-- TASK INPUT follows --

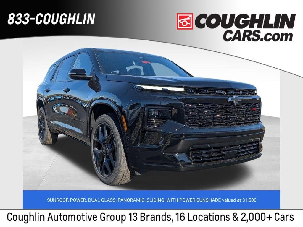 Price includes: $1000 - Chevrolet Bonus Cash. Exp. 03/02/2026 Please call for more information. If you don't see the car of your dreams in our huge inventory, chances are we can get it for you! 12 Speakers, 1st and 2nd Row All-Weather Floor Liners, 3 Years SiriusXM, 3rd Row All-Weather Floor Liner, 3rd row seats: split-bench, 4-Wheel Disc Brakes, 6-Way Power Front Passenger Seat Adjuster, 8-Way Power Driver Seat Adjuster, ABS brakes, Air Conditioning, Alloy wheels, AM/FM radio: SiriusXM with 360L, Apple CarPlay/Android Auto, Auto High-beam Headlights, Auto tilt-away steering wheel, Auto-dimming door mirrors, Automatic temperature control, Bose Premium 12-Speaker Audio System Feature, Brake assist, Bumpers: body-color, Child-Seat-Sensing Airbag, Compass, Delay-off headlights, Driver 4-Way Power Lumbar Seat Adjuster, Driver door bin, Driver vanity mirror, Dual front impact airbags, Dual front side impact airbags, Electronic Stability Control, Emergency communication system: OnStar, Exterior Parking Camera Rear, Floor Liner Package, Four wheel independent suspension, Front anti-roll bar, Front Bucket Seats, Front Center Armrest, Front dual zone A/C, Front Passenger 4-Way Power Lumbar Seat Adjuster, Front reading lights, Fully automatic headlights, Garage door transmitter, Heated door mirrors, Heated Driver and Front Passenger Seats, Heated front seats, Heated rear seats, Heated steering wheel, Illuminated entry, Integrated Cargo Liner, Low tire pressure warning, Memory seat, Navigation System, Occupant sensing airbag, Outside temperature display, Overhead airbag, Overhead console, Panic alarm, Passenger door bin, Passenger vanity mirror, Perforated Leather-Appointed Seat Trim, Power door mirrors, Power driver seat, Power Dual Glass Panoramic Sliding Sunroof, Power Liftgate, Power passenger seat, Power steering, Power windows, Preferred Equipment Group 2RS, Radio data system, Radio: : Audio System w/17.7 Diagonal Display, Rain sensing wipers, Rear air conditioning, Rear anti-roll bar, Rear reading lights, Rear window defroster, Rear window wiper, Remote keyless entry, RS Black Nameplate Kit (LPO), Security system, SiriusXM with 360L Trial Subscription, Speed control, Speed-sensing steering, Spoiler, Sport steering wheel, Steering wheel memory, Steering wheel mounted audio controls, Tachometer, Telescoping steering wheel, Tilt steering wheel, Traction control, Trip computer, Turn signal indicator mirrors, Variably intermittent wipers, Ventilated Driver and Front Passenger Seats, Ventilated front seats, Voltmeter, Wheels: 22 High Gloss Black Painted Aluminum.
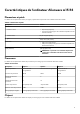 Tableau 5. Ports externes (suite) Description Valeurs Port vidéo • • • Lecteur de carte multimédia Logement de carte microSD Port d’accueil Un port graphique externe REMARQUE : Ce port graphique externe est compatible avec l’amplificateur graphique Alienware. Port de l’adaptateur d’alimentation Un DC-in E4 de 7,4 mm x 5,1 mm Sécurité Un logement pour câble de sécurité (en coin) Un port HDMI 2.0 Un port mini DisplayPort 1.4 Un port Thunderbolt 3 (USB 3.
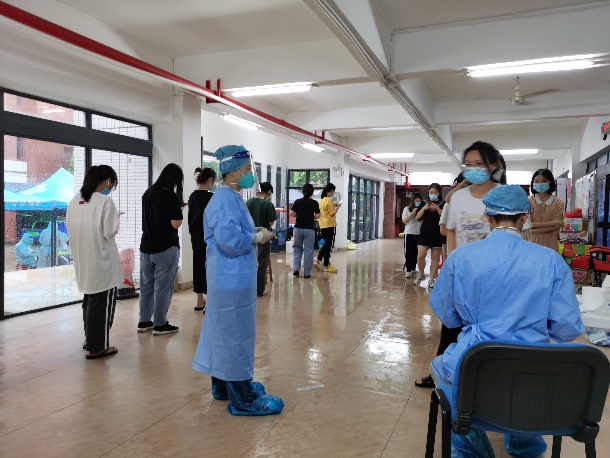 (李岚书记协助引导学生核酸检测)
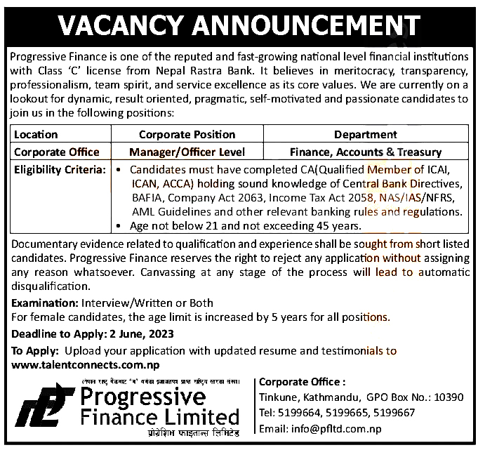 काठमाडौं । प्रोग्रेशिभ फाइनान्स लिमिटेडले कर्मचारी माग गरेको छ । कम्पनीले वित्ती, लेखा र ट्रेजरी विभागमा म्यानेजर पदका लागि केही संख्यामा कर्मचारी माग गरेको हो । कम्पनीका अनुसार सो पदमा आवेदन दिनको लागि मान्यताप्राप्त शैक्षिक संस्थाबाट सिए लगायत अन्य सम्बन्धित विषयमा अध्ययन पुरा गरेको हुनुपर्ने जनाएको छ । ईच्छुक तथा योग्यता पुगेका उम्मेदवारले जेठ १९ गतेभित्र आवेदन दिन सक्नेछन् ।
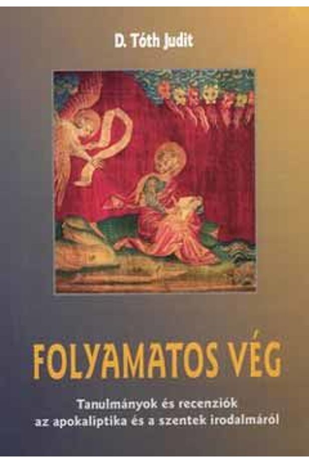 A folyamatos vég című tanulmánykötet D. Tóth Juditnak, a Debreceni Egyetem oktatójának azokból a munkáiból ad válogatást, amelyek az ókeresztény irodalom két nagyobb témaköréhez kapcsolódnak: az apokaliptika és a szentek irodalmához. A két, egymástól látszólag távol eső területet - ahogy erre a könyv címe is utal - a végidőre, az ítéletre irányuló szemlélet folyamatossága köti össze: a törénelmi apokalipszisben az eszkaton eseményeinek a kinyilatkoztatása, a szentek életében pedig a végső dolgokra tekintés. A tárgyalt témák magyar nyelvű szakirodalma az útóbbi évek fellendülő hazai kutatásai ellenére is csekély vagy olykor teljesen hiányzik, azért a szerző régebbi és újabb írásai az ókeresztény kor irodalma iránt érdeklődő olvasókat sok tekintetben eligazíthatják.
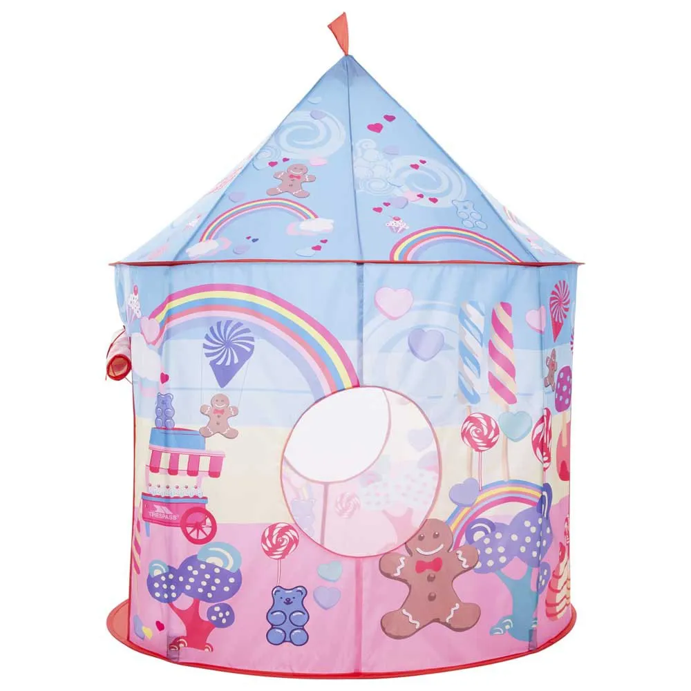 Helppo rakentaminen. Lasten leikkiteltta on helposti rakennettava pop up -teltta, joka pakataan kätevästi Trespass-merkkiseen kantolaukkuun.
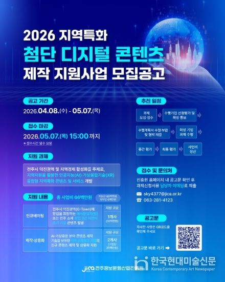 한국현대미술신문 기자 | 전주정보문화산업진흥원은 인공지능(AI)과 가상융합기술(XR)을 전주 고유의 문화·역사 자산과 결합하는 ‘지역특화 첨단 디지털 콘텐츠 제작 지원 사업’에 참여할 기업을 모집한다고 13일 밝혔다.

-- TASK INPUT concluded --

Retype every entry exactly as written, but omit the pictures.

 Price includes: $1000 - Chevrolet Bonus Cash. Exp. 03/02/2026 Please call for more information. If you don't see the car of your dreams in our huge inventory, chances are we can get it for you! 12 Speakers, 1st and 2nd Row All-Weather Floor Liners, 3 Years SiriusXM, 3rd Row All-Weather Floor Liner, 3rd row seats: split-bench, 4-Wheel Disc Brakes, 6-Way Power Front Passenger Seat Adjuster, 8-Way Power Driver Seat Adjuster, ABS brakes, Air Conditioning, Alloy wheels, AM/FM radio: SiriusXM with 360L, Apple CarPlay/Android Auto, Auto High-beam Headlights, Auto tilt-away steering wheel, Auto-dimming door mirrors, Automatic temperature control, Bose Premium 12-Speaker Audio System Feature, Brake assist, Bumpers: body-color, Child-Seat-Sensing Airbag, Compass, Delay-off headlights, Driver 4-Way Power Lumbar Seat Adjuster, Driver door bin, Driver vanity mirror, Dual front impact airbags, Dual front side impact airbags, Electronic Stability Control, Emergency communication system: OnStar, Exterior Parking Camera Rear, Floor Liner Package, Four wheel independent suspension, Front anti-roll bar, Front Bucket Seats, Front Center Armrest, Front dual zone A/C, Front Passenger 4-Way Power Lumbar Seat Adjuster, Front reading lights, Fully automatic headlights, Garage door transmitter, Heated door mirrors, Heated Driver and Front Passenger Seats, Heated front seats, Heated rear seats, Heated steering wheel, Illuminated entry, Integrated Cargo Liner, Low tire pressure warning, Memory seat, Navigation System, Occupant sensing airbag, Outside temperature display, Overhead airbag, Overhead console, Panic alarm, Passenger door bin, Passenger vanity mirror, Perforated Leather-Appointed Seat Trim, Power door mirrors, Power driver seat, Power Dual Glass Panoramic Sliding Sunroof, Power Liftgate, Power passenger seat, Power steering, Power windows, Preferred Equipment Group 2RS, Radio data system, Radio: : Audio System w/17.7 Diagonal Display, Rain sensing wipers, Rear air conditioning, Rear anti-roll bar, Rear reading lights, Rear window defroster, Rear window wiper, Remote keyless entry, RS Black Nameplate Kit (LPO), Security system, SiriusXM with 360L Trial Subscription, Speed control, Speed-sensing steering, Spoiler, Sport steering wheel, Steering wheel memory, Steering wheel mounted audio controls, Tachometer, Telescoping steering wheel, Tilt steering wheel, Traction control, Trip computer, Turn signal indicator mirrors, Variably intermittent wipers, Ventilated Driver and Front Passenger Seats, Ventilated front seats, Voltmeter, Wheels: 22 High Gloss Black Painted Aluminum.
 Tableau 5. Ports externes (suite) Description Valeurs Port vidéo • • • Lecteur de carte multimédia Logement de carte microSD Port d’accueil Un port graphique externe REMARQUE : Ce port graphique externe est compatible avec l’amplificateur graphique Alienware. Port de l’adaptateur d’alimentation Un DC-in E4 de 7,4 mm x 5,1 mm Sécurité Un logement pour câble de sécurité (en coin) Un port HDMI 2.0 Un port mini DisplayPort 1.4 Un port Thunderbolt 3 (USB 3.
 (李岚书记协助引导学生核酸检测)
 काठमाडौं । प्रोग्रेशिभ फाइनान्स लिमिटेडले कर्मचारी माग गरेको छ । कम्पनीले वित्ती, लेखा र ट्रेजरी विभागमा म्यानेजर पदका लागि केही संख्यामा कर्मचारी माग गरेको हो । कम्पनीका अनुसार सो पदमा आवेदन दिनको लागि मान्यताप्राप्त शैक्षिक संस्थाबाट सिए लगायत अन्य सम्बन्धित विषयमा अध्ययन पुरा गरेको हुनुपर्ने जनाएको छ । ईच्छुक तथा योग्यता पुगेका उम्मेदवारले जेठ १९ गतेभित्र आवेदन दिन सक्नेछन् ।
 A folyamatos vég című tanulmánykötet D. Tóth Juditnak, a Debreceni Egyetem oktatójának azokból a munkáiból ad válogatást, amelyek az ókeresztény irodalom két nagyobb témaköréhez kapcsolódnak: az apokaliptika és a szentek irodalmához. A két, egymástól látszólag távol eső területet - ahogy erre a könyv címe is utal - a végidőre, az ítéletre irányuló szemlélet folyamatossága köti össze: a törénelmi apokalipszisben az eszkaton eseményeinek a kinyilatkoztatása, a szentek életében pedig a végső dolgokra tekintés. A tárgyalt témák magyar nyelvű szakirodalma az útóbbi évek fellendülő hazai kutatásai ellenére is csekély vagy olykor teljesen hiányzik, azért a szerző régebbi és újabb írásai az ókeresztény kor irodalma iránt érdeklődő olvasókat sok tekintetben eligazíthatják.
 Helppo rakentaminen. Lasten leikkiteltta on helposti rakennettava pop up -teltta, joka pakataan kätevästi Trespass-merkkiseen kantolaukkuun.
 한국현대미술신문 기자 | 전주정보문화산업진흥원은 인공지능(AI)과 가상융합기술(XR)을 전주 고유의 문화·역사 자산과 결합하는 ‘지역특화 첨단 디지털 콘텐츠 제작 지원 사업’에 참여할 기업을 모집한다고 13일 밝혔다.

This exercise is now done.